Y no sé si conseguí alguna de esas cosas o si patéticamente fui una combinación de todas. Lo que sé es que El Circo del Rock fue ese espacio compartido con el Fantástico Hombre Radio y el Lunático en Zancos —a quienes va mi más profundo agradecimiento— para hablar de cosas importantes y sencillas como a qué le llamamos rock clásico, cómo se inventó el sonido del heavy metal y la estética del punk o si Paul McCartney está muerto y fue reemplazado por un doble.
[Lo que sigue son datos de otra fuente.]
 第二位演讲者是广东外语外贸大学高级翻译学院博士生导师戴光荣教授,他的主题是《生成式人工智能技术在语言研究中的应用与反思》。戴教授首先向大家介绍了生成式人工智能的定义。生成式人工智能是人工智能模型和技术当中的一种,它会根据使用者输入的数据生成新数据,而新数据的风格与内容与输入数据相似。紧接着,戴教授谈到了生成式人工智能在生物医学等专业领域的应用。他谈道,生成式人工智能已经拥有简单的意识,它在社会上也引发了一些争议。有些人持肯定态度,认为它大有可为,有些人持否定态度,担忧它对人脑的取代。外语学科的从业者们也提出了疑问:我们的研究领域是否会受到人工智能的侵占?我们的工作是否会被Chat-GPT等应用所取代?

Que un programa que cumple ocho años en el aire te deje hablar de cosas como esas, y en su aniversario, es realmente memorable. Y de lo dicho hace un par de semanas —noté que escribo con un dejo nostálgico—, tal vez me quedo con esa reflexión compartida con los que estábamos en la cabina: lo que llamamos rock clásico, esa escena entre 1968 y 1973 en la que confluyen en sus orígenes Pink Floyd, los Beatles, los Rolling Stones, Jimi Hendrix, Cream, Bob Dylan, los Doors y muchos otros, que construyó contracultura sobre la base de la fusión con el blues. Este hecho es tan influyente para el rock como lo es el invento de la guitarra eléctrica (gracias, Les Paul: no estaríamos hablando de esto sin ti).
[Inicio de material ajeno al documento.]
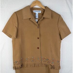 Jessica Howard Beaded& Fringed Western 2 Piece Dress/Top Set size 12 Tan

Ayer el Facebook de The Doors recordaba unas palabras de Jim Morrison: «I like singing blues—these free, long blues trips where there’s no specific beginning or end».
Y sin duda él lo disfrutaba a rabiar, como en esa versión del Roadhouse Blues con John Lee Hooker. Lo mismo que los disfrutaron los Rolling Stones en su confesa admiración por Muddy Waters, o como Syd Barrett lo dejó patente para combinar los nombres de Floyd Council y Pink Anderson.
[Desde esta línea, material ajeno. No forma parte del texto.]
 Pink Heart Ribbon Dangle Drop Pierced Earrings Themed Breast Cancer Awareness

Estar en El Circo del Rock me llevó a un conjunto de instantes absurdamente personales compartidos con la radio: cenas calentadas en microondas en un 7-Eleven en Estocolmo, una noche de insomnio después de ver por primera vez una fosa común en algún lugar de la carretera entre Huehuetenango y Quiché, algún párrafo de Por quién doblan las campanas en el que Robert Jordan argumenta por qué María es realmente un gran nombre, el volcán Pichincha vomitando ceniza sobre Quito al final del milenio y la puesta en escena perfecta para All of my love: mis hijas y mi esposa en una playa del Caribe de Costa Rica, a kilómetros de todo.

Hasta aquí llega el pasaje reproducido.